10 FURTHER SPECIFIC GUIDELINES AND PROCEDURES
10.1 Besides this policy, MTH GROUP and/or individual companies in the Group have prepared specific guidelines and procedures for the processing of personal data, including the following:
(i) Instructions to employees
(ii) Erasure policy
(iii) Observation of disclosure obligations in the HR area
(iv) Record of personal data processing activities
(v) Procedures for the processing of access requests and observation of other rights
(vi) Procedures for handling security breaches
(vii) Policy on the use of processors etc.
(viii) Standard processor agreement (template)
(ix) Technical security measures, including guidelines for employees’ IT use
10.2 In addition, depending on the circumstances, further specific guidelines and/or policies will be prepared following assessment of local processing activities.
11 POLICY COMPLIANCE AND CONTACT POINTS
11.1 This policy is intended to ensure that all companies in MTH GROUP establish clear guidelines as stated in para 10.1 relating to the processing and protection of personal data. Furthermore, the purpose for which personal data is used must be clearly de-fined in all processing situations.

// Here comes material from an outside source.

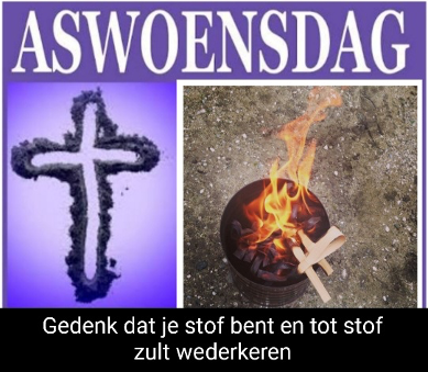 Aanstaande woensdag, op Aswoensdag 18 februari, kunt u een askruisje komen halen tijdens de Heilige Mis:

11.2 To ensure that this policy is embedded and implemented, each company in MTH GROUP has nominated a unit that is responsible for ensuring that the guidelines are adhered to by the individual company:
(i) MT Højgaard HR
(ii) Lindpro HR
(iii) Enemærke & Petersen HR
(iv) Scandi Byg HR
(v) Ajos HR
11.3 In the event of any questions relating to the content of or compliance with the guide-lines, the unit is under obligation to contact Group management.
11.4 In addition, non-compliance with specific guidelines and policies may lead to sanctions being imposed on specific employees in accordance with local guidelines defined on the basis of this policy.
12.1 The individual companies in the Group must brief Group management in the event of the guidelines in this policy not being respected or situations relating to this policy arising that are of relevance to the assessment of MTH GROUP’s risk profile in the personal data area.
12.2 The Board of Directors must be briefed at the ordinary Board meetings in the event of the guidelines in this policy not being complied with or situations relating to this policy arising that are of relevance to the Board’s overall assessment of MTH GROUP’s risk profile in the personal data area.
13.1 Group management is authorised to review this policy as appropriate and at least annually.